Introduction
The Trafodion instance repository is a data warehouse for manageability data collected from a Trafodion instance. Each instance in a Trafodion cluster contains a repository schema ("_REPOS_") that hosts the repository tables. To retrieve data from the repository, DBAs or end users can query the repository tables directly using the Trafodion Command Interface (TrafCI) or any third-party tool like DbVisualizer or SQuirreL SQL Client. Performance metrics such as query information, statistics, and session information are stored in repository tables.
See the overall Process Architecture diagram, which shows data being published to repository tables and events being written to log files via log4ccp or log4j.
Repository Structure and Features
Components on the Trafodion platform generate performance data for database objects, events data such as error messages or state changes, and a variety of statistical data. A component transmits this data using publications, which are data structures that define fields to hold the transmitted, or published, data. The data from these publications are written to repository tables with corresponding columns. See the diagram below.
Repository Schema and Table Definitions
All tables in the repository reside in the "_REPOS_" schema. The repository currently includes these tables:
Table Name | Table Description |
---|---|
METRIC_QUERY_AGGR_TABLE | This table contains the statistics of short-running queries, which have been aggregated into one record and written to the repository at the end of each statistics aggregation interval. For descriptions of the fields in the table, see METRIC_QUERY_AGGR_TABLE (Release 1.1). If you are using Trafodion Release 1.0, see METRIC_QUERY_AGGR_TABLE (Release 1.0). |
METRIC_QUERY_TABLE | This table stores query statistics information gathered during the compilation and execution of queries that run longer than the configured interval. For descriptions of the fields in the table, see METRIC_QUERY_TABLE (Release 1.1). If you are using Trafodion Release 1.0, see METRIC_QUERY_TABLE (Release 1.0). |
METRIC_SESSION_TABLE | This table provides access to ODBC and JDBC session statistics, which are gathered when clients connect to a Trafodion instance. These statistics include the data that is collected at the start and end of each client session. For descriptions of the fields in the table, see METRIC_SESSION_TABLE (Release 1.1). If you are using Trafodion Release 1.0, see METRIC_SESSION_TABLE (Release 1.0). |
METRIC_TEXT_TABLE | This table is reserved for future use. For descriptions of the fields in the table, see METRIC_TEXT_TABLE (Release 1.1). This table does not exist in Trafodion Release 1.0. |
For additional repository field descriptions, see:
- Header Columns, which are columns that appear in each of the repository tables. If you are using Trafodion Release 1.0, see Header Columns (Release 1.0).
- STATEMENT_TYPE, which is a field in METRIC_QUERY_TABLE. If you are using Trafodion Release 1.0, see STATEMENT_TYPE (Release 1.0).

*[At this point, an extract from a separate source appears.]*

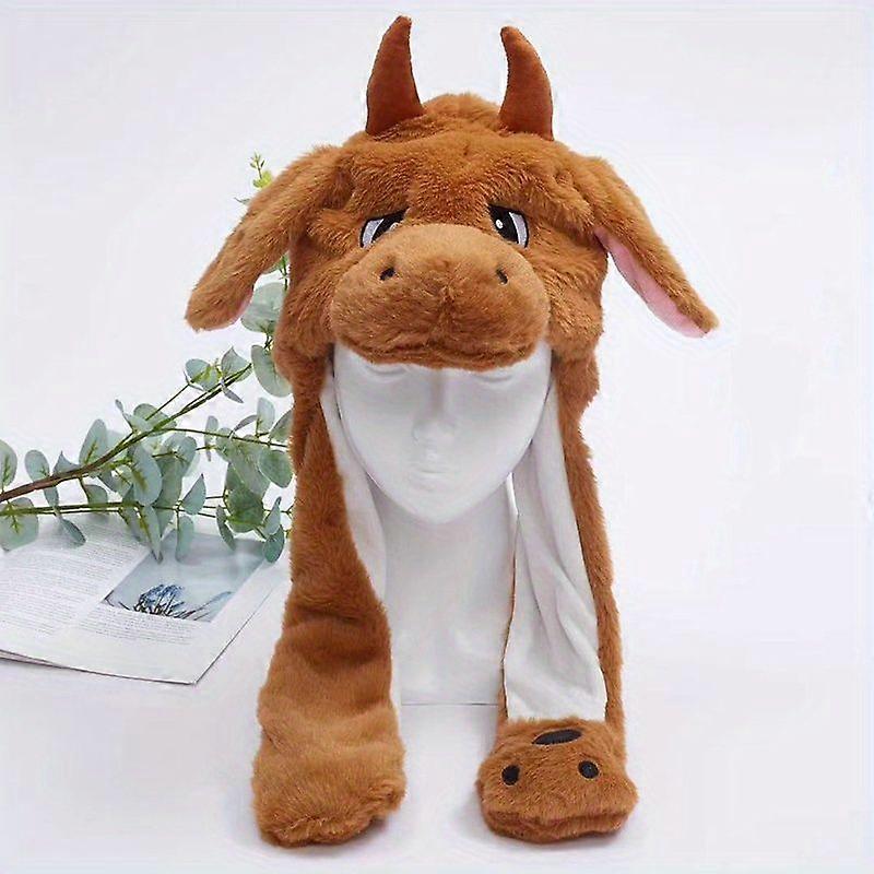 Cute Soft Squeezable Long-Ear Moving Animal Dog Ear Airbag Beanie, Thickened Warm Pullover Hat for Women, Novelty Slouch [jkw]

Getting Started With the Repository
Installation
The repository is automatically installed on the platform by the Trafodion installer.
Character Set Support
All repository character data is encoded using UTF8.
Enabling or Disabling Publication to the Repository
Publication of statistics is enabled by default. You can disable publication of statistics by setting the DCS server property, dcs.server.user.program.statistics.enabled
, to 'false'
in the dcs-site.xml
file and then restarting the DCS servers. For more information, see the Trafodion Database Connectivity Services Reference Guide.

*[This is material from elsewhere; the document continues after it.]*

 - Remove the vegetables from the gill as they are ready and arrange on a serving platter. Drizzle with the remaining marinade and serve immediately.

Configuring the Repository
Statistics published to the repository can be:
- Session statistics, which are published when session ends.
- Aggregation statistics, which are aggregated and published at a specified interval during the session. The default interval is 60 seconds.
- Query statistics, which are published when the query starts and are updated when query ends. By default, query statistics are published only for queries that run longer than 60 seconds.
You can configure the type of statistics that are written to the repository by setting the property, dcs.server.user.program.statistics.type
, in the dcs-site.xml
file to one of the following statistics types and then restarting the DCS servers:
Statistics Type | Description |
---|---|
'aggregated' (default) | This setting causes session statistics and aggregation statistics to be published in the repository for all queries. Query statistics are published only when a query executes longer than the specified statistics limit, which is 60 seconds by default, but can be configured in the dcs-site.xml file. |
'session' | This setting causes only session statistics to be published in the repository. Aggregation and query statistics are not published. |
For more information about setting this and other statistics properties, see the Trafodion Database Connectivity Services Reference Guide.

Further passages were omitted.